1. This is an appeal against the decision issued on 7 February 2020 of First-tier Tribunal Judge Moffatt which refused MAR's appeal brought on protection and human rights grounds.
2. The appellant is a citizen of Bangladesh.
3. The appellant came to the UK as a student in 2010 and remained after his leave expired on 29 November 2011. On 13 March 2017 he made an asylum claim. This was refused on 7 September 2017 and his appeal was dismissed on 10 January 2018. He became appeal rights exhausted on 5 April 2018.
4. The appellant made further submissions on protection and human rights grounds on 27 February 2019. The respondent found that the protection and human rights claims were not made out but accepted that the submissions amounted to a fresh claim so the appellant was able to appeal to the First-tier Tribunal. The appeal came before First-tier Tribunal Judge Moffatt on 6 December 2019 at Hatton Cross.
5. As above, Judge Moffatt refused the appeal on all grounds on 19 December 2019. On 5 May 2020 the Upper Tribunal granted permission to appeal the decision of the First-tier Tribunal.
6. On 8 July 2020 the Upper Tribunal directed that the parties provide written submissions on whether the Tribunal could make a decision on the papers on whether there was an error of law.
7. The respondent indicated in a response made on 13 July 2020 that:
"The respondent does not oppose the appellant's application for permission to appeal and accepts that the FTTJ did not adequately address the medical evidence which may have infected the credibility findings."
The respondent appeared to consider that the Upper Tribunal could re-make the decision.
8. In a response dated 21 July 2020 the appellant maintained that as the respondent had conceded that the First-tier Tribunal erred in law there was no requirement for an oral hearing of the error of law challenge and maintained that the nature of the error of law meant that the correct disposal was a remittal to the First-tier Tribunal for a de novo hearing.

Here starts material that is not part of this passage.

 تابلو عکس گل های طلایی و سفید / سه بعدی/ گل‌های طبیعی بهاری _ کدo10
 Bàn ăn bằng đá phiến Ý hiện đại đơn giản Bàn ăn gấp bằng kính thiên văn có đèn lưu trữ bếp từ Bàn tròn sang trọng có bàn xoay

9. Part of the challenge conceded by the respondent was that the First-tier Tribunal failed to take a lawful approach to the medical evidence setting out the appellant's mental health problems and his status as a vulnerable witness. The respondent accepts that this "infected the credibility findings". Failing to consider the potential for the appellant to be treated as a vulnerable witness is a material procedural error.

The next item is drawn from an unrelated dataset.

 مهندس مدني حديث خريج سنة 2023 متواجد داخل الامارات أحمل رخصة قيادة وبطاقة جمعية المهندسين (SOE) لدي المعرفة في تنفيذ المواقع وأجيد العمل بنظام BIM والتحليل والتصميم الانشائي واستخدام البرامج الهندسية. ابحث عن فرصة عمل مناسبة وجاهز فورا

10. It is therefore my conclusion that the decision of the First-tier Tribunal discloses a material error of law such that it must be set aside to be re-made de novo in the First-tier Tribunal. The presumption in paragraph 7.2 the Senior President's Practice Statement dated 11 June 2018 for a re-making to take place in the Upper Tribunal is rebutted where there is a procedural error undermining all aspects of the findings and the re-making must be made again entirely.
Notice of Decision
11. The decision of the First-tier Tribunal discloses an error on a point of law and is set aside to be remade.
12. The appeal is remitted to the First-tier Tribunal to be re-made de novo.